RECORDED INFORMATION ▸

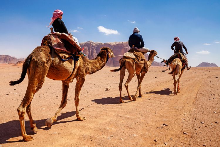 Camel ride in the Wadi Rum desert.
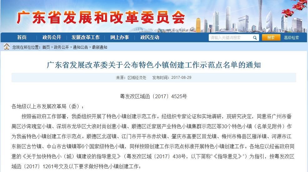 根據(jù)《廣東省發(fā)展改革委關(guān)于公布特色小鎮(zhèn)創(chuàng)建工作示范點名單的通知》(以下簡稱:通知),示范點要按照集產(chǎn)業(yè)鏈、創(chuàng)新鏈、服務(wù)鏈、人才鏈、資金鏈于一體的理念,培育新產(chǎn)業(yè)、新業(yè)態(tài)、新模式,立足資源稟賦、區(qū)位環(huán)境、歷史文化、產(chǎn)業(yè)集聚等特色,做精做強特色小鎮(zhèn)主導(dǎo)產(chǎn)業(yè),促進產(chǎn)業(yè)跨界融合發(fā)展、集聚發(fā)展。著力構(gòu)建特色小鎮(zhèn)高端要素集聚平臺,支持特色小鎮(zhèn)建設(shè)孵化器、加速器、工業(yè)設(shè)計中心、專門化總部基地等新型載體,促進產(chǎn)業(yè)發(fā)展向微笑曲線兩端延伸,努力將特色小鎮(zhèn)發(fā)展成為區(qū)域創(chuàng)新高地、全省現(xiàn)代產(chǎn)業(yè)體系的重要組成部分。
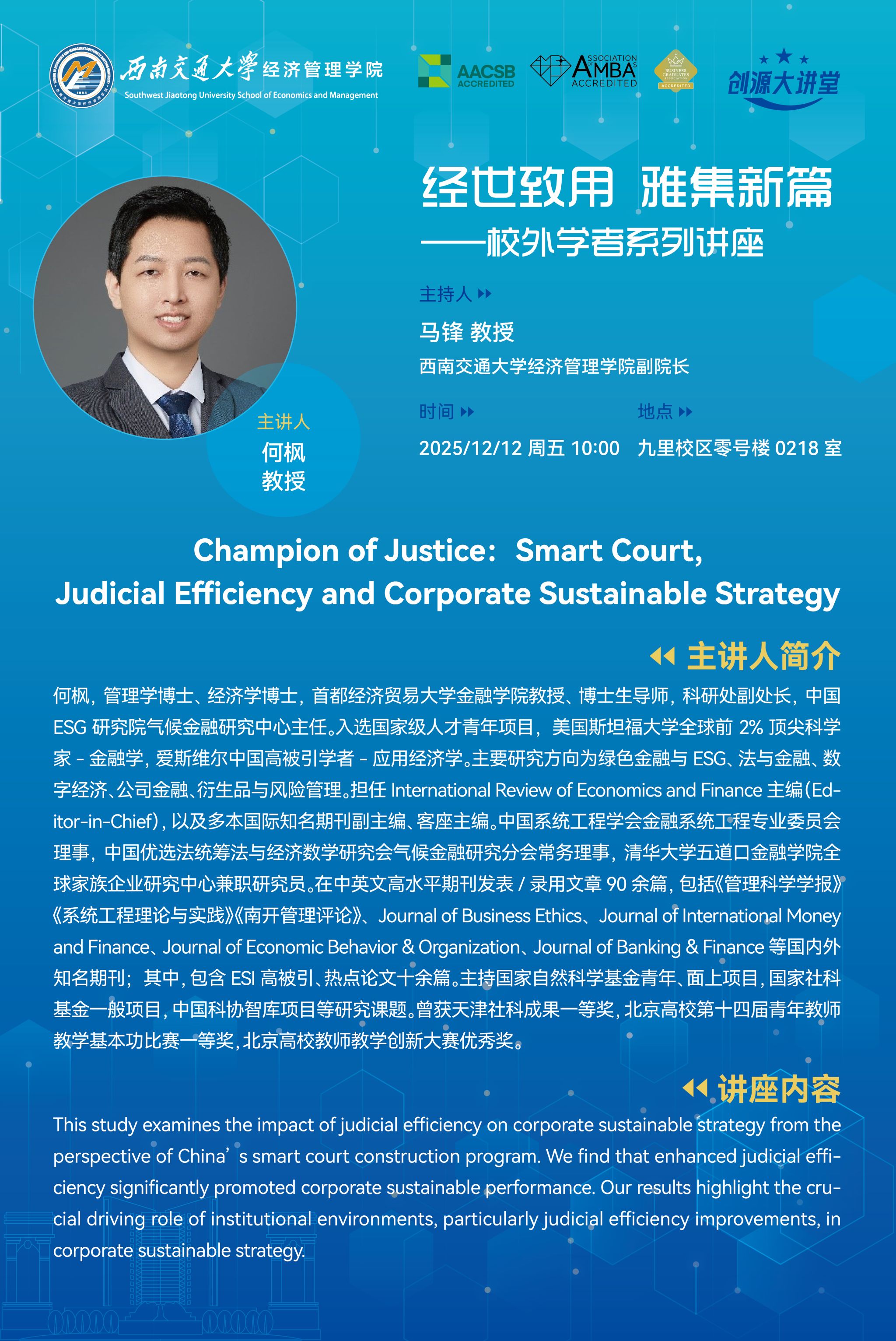 首都经济贸易大学金融学院何枫教授学术讲座

TO DO ▸ Leave out the pictures and give the listing above again exactly.

SOLUTION TO THIS PROBLEM ▸
 Camel ride in the Wadi Rum desert.
 根據(jù)《廣東省發(fā)展改革委關(guān)于公布特色小鎮(zhèn)創(chuàng)建工作示范點名單的通知》(以下簡稱:通知),示范點要按照集產(chǎn)業(yè)鏈、創(chuàng)新鏈、服務(wù)鏈、人才鏈、資金鏈于一體的理念,培育新產(chǎn)業(yè)、新業(yè)態(tài)、新模式,立足資源稟賦、區(qū)位環(huán)境、歷史文化、產(chǎn)業(yè)集聚等特色,做精做強特色小鎮(zhèn)主導(dǎo)產(chǎn)業(yè),促進產(chǎn)業(yè)跨界融合發(fā)展、集聚發(fā)展。著力構(gòu)建特色小鎮(zhèn)高端要素集聚平臺,支持特色小鎮(zhèn)建設(shè)孵化器、加速器、工業(yè)設(shè)計中心、專門化總部基地等新型載體,促進產(chǎn)業(yè)發(fā)展向微笑曲線兩端延伸,努力將特色小鎮(zhèn)發(fā)展成為區(qū)域創(chuàng)新高地、全省現(xiàn)代產(chǎn)業(yè)體系的重要組成部分。
 首都经济贸易大学金融学院何枫教授学术讲座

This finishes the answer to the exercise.